Agiloft Unveils AI Trainer for Industry-Specific Contract Management Solutions

Contract lifecycle management company Agiloft has launched a new product called AI Trainer, specifically designed to empower non-technical legal and business professionals. This innovative tool addresses one of the primary challenges that arise when using artificial intelligence software for contract review: training AI to align with a company’s unique preferences for phrases and essential terms. Agiloft aims to overcome this hurdle by enabling users to train specialized AI models that recognize key terms and clauses for their specific organization or industry.

No-code training capabilities in AI Trainer allow non-technical users, including subject matter experts and legal professionals, to train AI models on exclusive clauses and key terms specific to their organization. This bypasses the inadequacy of relying only on pre-trained, generic AI models that often fall short of meeting individual company needs. The new product provides legal, contracting teams, and other stakeholders within an organization, such as those in procurement, sales, and HR, with an easy-to-use, self-service tool to enhance their contract process’s automation.

A user initiates the process in AI Trainer by creating a training project for a particular clause to be extracted. The user then uploads an initial set of up to 20 documents containing variations on the preferred clause language, tagging and annotating each document to train the AI model. The system learns as the user proceeds, making suggestions based on preliminary inputs. Once trained on the initial set of documents, the model is published and becomes available to use in review workflows. Approximately a quarter of the documents are kept aside during the training process for testing the model and computing its precision and recall. The finalized model exhibits these precision and recall numbers.

The new AI Trainer has several potential applications. Among them, organizations can use it to review legacy contracts sitting outside the CLM platform and import those into Agiloft to apply the new AI model in identifying, isolating, and extracting vital clauses. Additionally, it can come in handy to review incoming agreement drafts from external parties, employing the AI models to pinpoint the key terms and clauses and benchmark them against standard templates or clauses in their clause library. An AI model can be trained to detect specific clauses within a company’s documents in response to changes in laws or regulations pertaining to their industry. Moreover, AI Trainer can also be used to search for specific clauses or language within contracts, such as force majeure clauses or specific data language.

Currently, Agiloft‘s model library can maintain multiple versions of models dealing with the same clause. This feature is highly beneficial when a company uses different language for indemnities in various agreements. The new AI Trainer is now available to Agiloft customers and requires an additional purchase for the AI module.

According to Andy Wishart, Agiloft’s chief product officer, the introduction of the AI Trainer aligns with the company’s broad vision of building connected, intelligent, autonomous, and self-governing contracting processes. It aims to help customers unlock the value of their contract data to accelerate decision-making and business growth.

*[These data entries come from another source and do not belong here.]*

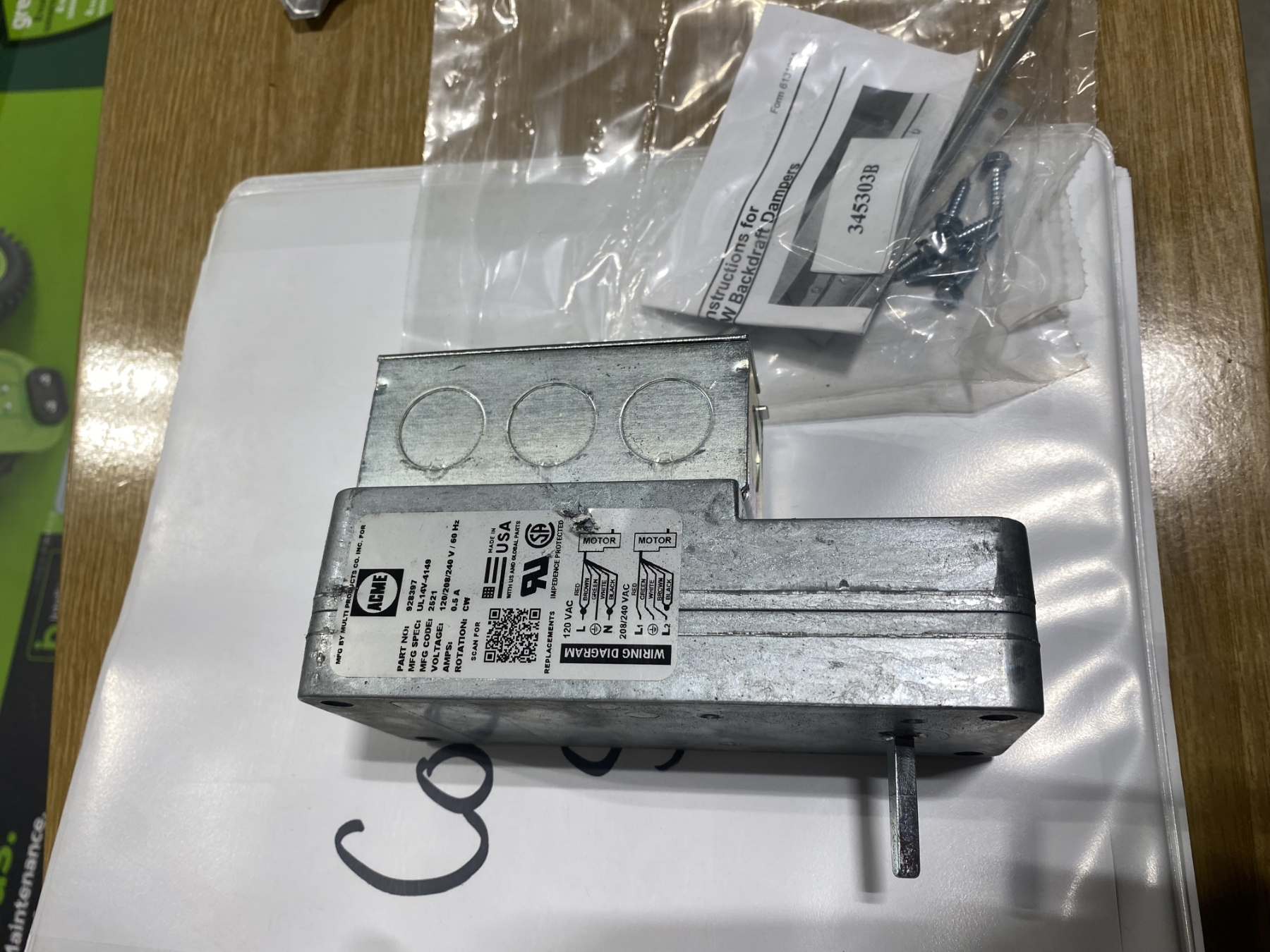 MOTORIZING BACKDRAFT DAMPER WITH PARTS
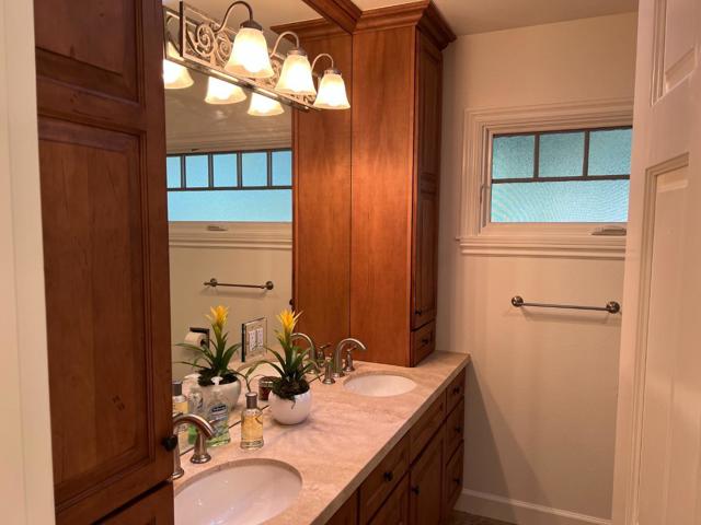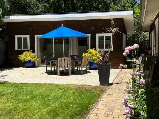 Nestled on a quiet tree-lined cul-de-sac this charming Craftsman-inspired single-story home sits on a level 13,746 sq ft lot in a highly desirable Central Woodside location-just a short stroll to the Village. The remodeled 3 bedroom 2 bath residence features hickory hardwood & stone flooring throughout. Vaulted ceilings & French doors create a bright open living & dining area filled with natural light. A wood-burning fireplace/gas starter serves as a warm focal point of the living space. The carefully designed kitchen showcases custom white maple cabinetry granite countertops & stainless steel appliances all overlooking an inviting front porch. Both bathrooms feature custom cabinetry & countertops while the primary bath is enhanced with marble-lined walls surrounding the bathtub & shower. The spacious primary bedroom offers generous closet space & sliding glass doors that open to a private porch & backyard. Adding exceptional flexibility a detached cabana (approx 365 sq ft) expands the living & entertaining space-ideal for home office, art studio, exercise room or meditation retreat. The beautifully landscaped grounds feature native plantings, stone porch, brick walkways & a grassy rear yard. 2-car attached garage acclaimed Woodside schools & convenient access to 280.
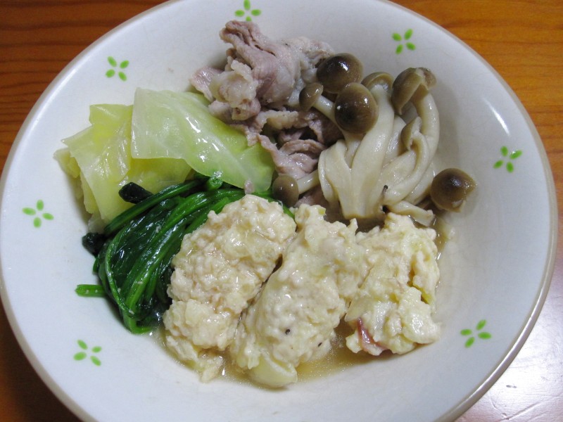 ↑キャベツ・豚バラ・しめじ・ほうれん草・鶏だんご。

Andy Wishart adds that usability was a key focus in developing the AI Trainer, intending to cater to non-technical users within the Agiloft platform comfortably.

This release builds on Agiloft’s launch of ConvoAI in January, a user-friendly feature allowing users to interact with contracts in a chat-like interface. The AI Trainer brings the ability for organizations to utilize their best-of-breed AI in analyzing, reporting, and ensuring the effectiveness of contract management. This empowers close-knit teams involved directly in the contracting process, enabling them to train and customize the systems they use to uncover and categorize key terms and clauses in their contracts.